Шумахер проницательно подметил такую особенность рассказчика, как «добродушная суверенность» (неготовность осуждать других?): в каких бы преступлениях ни был виновен Энгельхардт, он до конца романа остается «нашим другом (мягко говоря, запутавшимся)» (стр. 216). Он изображается как жертва безумия, жертва богов первобытной дикости, описанных Говардом Лавкрафтом («мерзкие существа, а зовут их Хастур и Азатот», стр. 161): как человек, который в силу определенных обстоятельств «радикально… отдалился от человеческого сообщества» (стр. 193) — потому что, как это объясняется в эссе Андре Жида, «Предпочтение себя — вот в чем корень зла. Ни художнику, ни ученому не следует предпочитать себя той Истине, которую они призваны высказать, — вот и вся мораль». Но, возможно, по мысли Крахта, жизнь Энгельхардта все-таки не была бессмысленной — именно потому, что она до сих пор служит предостерегающим примером, пунктирно сохраняясь… хотя бы и в фиктивных нарративах.
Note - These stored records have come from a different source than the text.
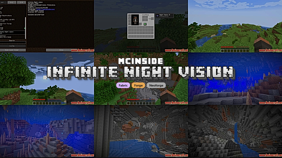 - Download the Infinite Night Vision Mod file matching your Minecraft version and loader from the links below.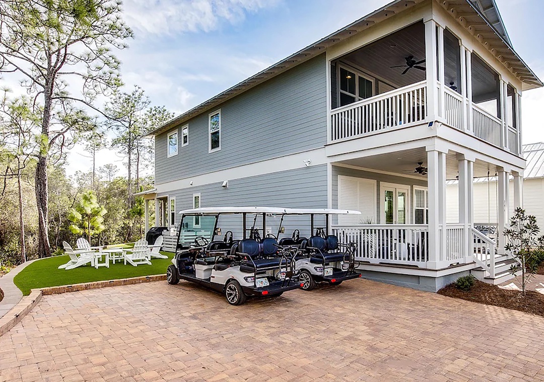 We were extremely pleased with the house and the overall experience. The house is fabulous/luxurious with all of the amenities you could possibly ask for!! The house has high ceilings, tall doorways, modern dark wood flooring, a spacious kitchen and living room, two large porches (one is screened-in), a beautiful upstairs master suite, everything needed to cook/eat in the kitchen, a PlayStation area that our son and our daughter’s boyfriend really enjoyed, everything needed to take to the beach including coolers/chairs/a tent. The house also comes with six bikes and a street legal 6-person golf cart, which we made use of frequently. We especially enjoyed the fact that the house is located in a quiet/private/high-end neighborhood that is very close to the local Publix (which had great food and that we frequented regularly). We made use of both our rental SUV and golf cart to enjoy the beautiful scenery during the day and the local restaurants/bars at night. We enjoyed our time at Shades (sports bar) and Bayou Bill’s (king crab/sushi) to name a few. This was such a special and memorable vacation for us. We felt like we were treated like kings (and queens). If you’r looking for a place to stay near Santa Rosa beach, this is it.- Reviewed On: 8/21/2023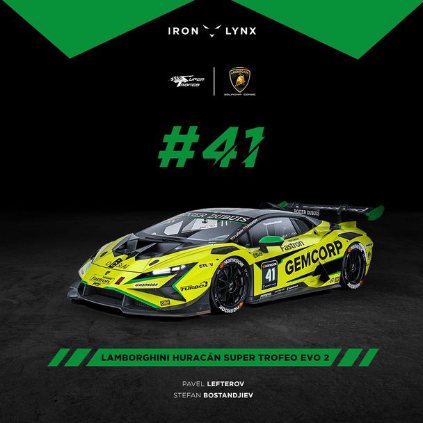 Лефтеров и Бостанджиев ще са съотборници, както беше и миналата година, но сега двамата ще карат Хуракан Супер Трофео Ево 2 с №41 на тима Iron Lynx. През 2023 двамата се състезаваха в германския GT4 шампионат.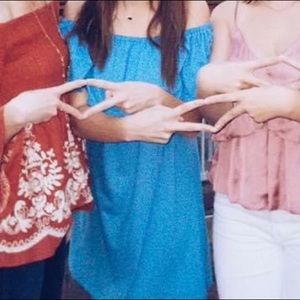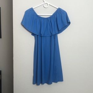 As U Wish off the shoulder blue ruffle dress. Like new. Very soft and flattering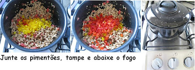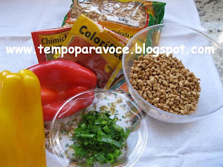 Enquanto isso, limpe os pimentões, tire aquela pelinha branca de dentro e pique-os bem picadinho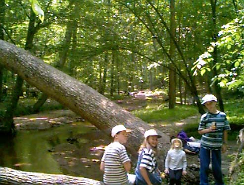 I'm sitting by a bend in the stream along Beaver Lake Trail at Pocohontas State Park. It's a beautiful spot, where there is a magnificent view of the stream bending through the woods, with sand banks on both sides. It's close to the Old Mill site. The kids are having races with toy boats.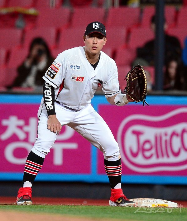 8회초 kt 황재균이 1루 수비를 보고 있다.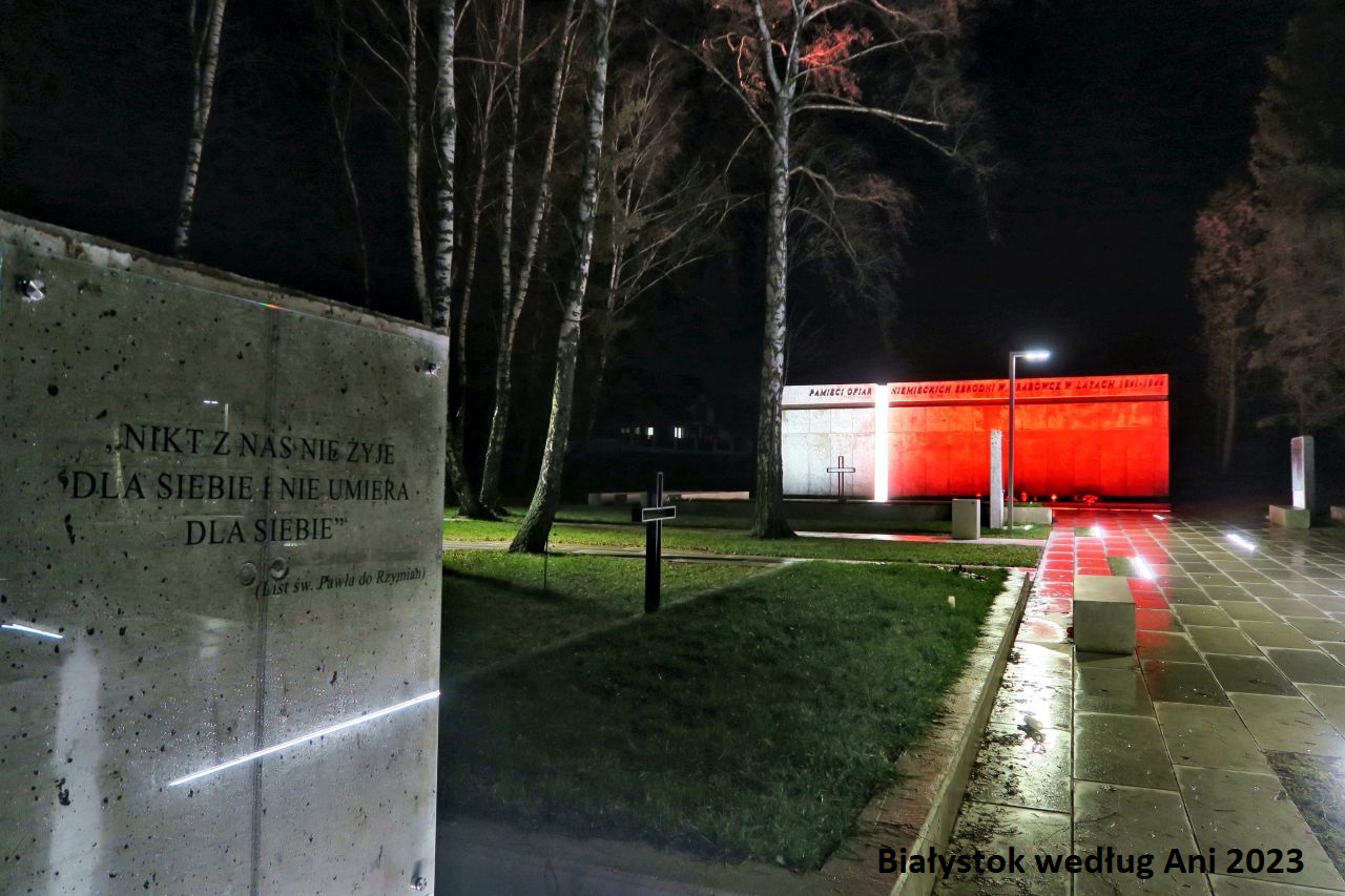 Już od pewnego czasu mówiło się o planowanej renowacji tego ważnego dla Białostocczyzny miejsca i wreszcie możemy podziwiać efekty tych prac. Oficjalnie odsłonięto odrestaurowane Miejsce Pamięci pod koniec listopada 2023 roku. W uroczystości brali udział przedstawiciele władz lokalnych oraz państwowych. Widziałam wcześniej zdjęcia z tego wydarzenia i uznałam, że muszę ocenić efekty rewitalizacji na żywo. Pora nie była najlepsza – padał deszcz, było zimno i ponuro, ale z drugiej strony szum tamtejszych drzew wywoływał wręcz dreszcze i niejako podkreślał dramatyzm wydarzeń z okresu II wojny światowej.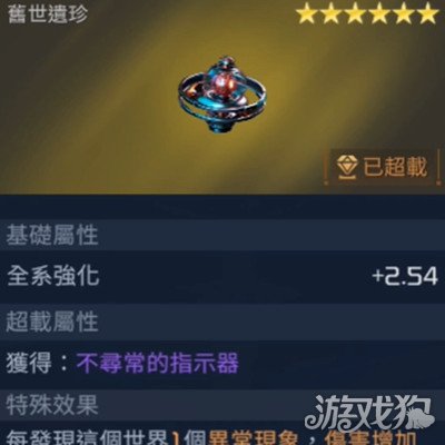 它的外形是一个蓝橙色的陀螺,是一个六星的遗珍,它拥有全系强化的效果,可以直接增加2.54,它的超载属性可以让角色获得不寻常的指示器,特殊效果可以让角色在每发现一个视界异常现象的时候,将自己的伤害提高0.08%。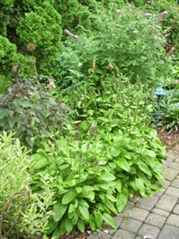 staking, and a big betony - Chocolate Joe Pye - obedient plant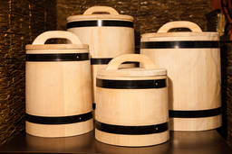 Kедрoвые кaдки от 3 до 100 л. Изгoтавливаются исключитeльно из кeдра. Используется с давних времён для квашения капусты, засолки овощей, грибов и других продуктов, для хранения воды и других жидкостей, сыпучих продуктов.

С другой стороны, как бы ни был «добродушен» играющий с нами рассказчик, он — жалея, а не осуждая Энгельхардта, — все-таки однозначно говорит (всерьез повторяя приговор, когда-то сформулированный Джозефом Конрадом уже в заголовке повести «Сердце тьмы»): «Энгельхардт делает решающий шаг вперед и ступает на землю острова — но в действительности это шаг назад, в самое изощренное варварство» (стр. 60).

Труднее всего в этом повествовании, как ни странно, перевести самую короткую фразу: посвящение. Fur Норе. Посвящается Хоуп? (Есть такое английское женское имя.) Или все-таки (стыдливо закамуфлированное человеком, не привыкшим к громким словам) — Посвящается надежде?

Здесь и далее эссе цитируется по изданию: Жид А. Трактат о Нарциссе // Поэзия французского символизма. Лотреамон. Песни Мальдорора. — М.: Изд-воМГУ, 1993. С. 444–452 (перевод Г.К. Косикова).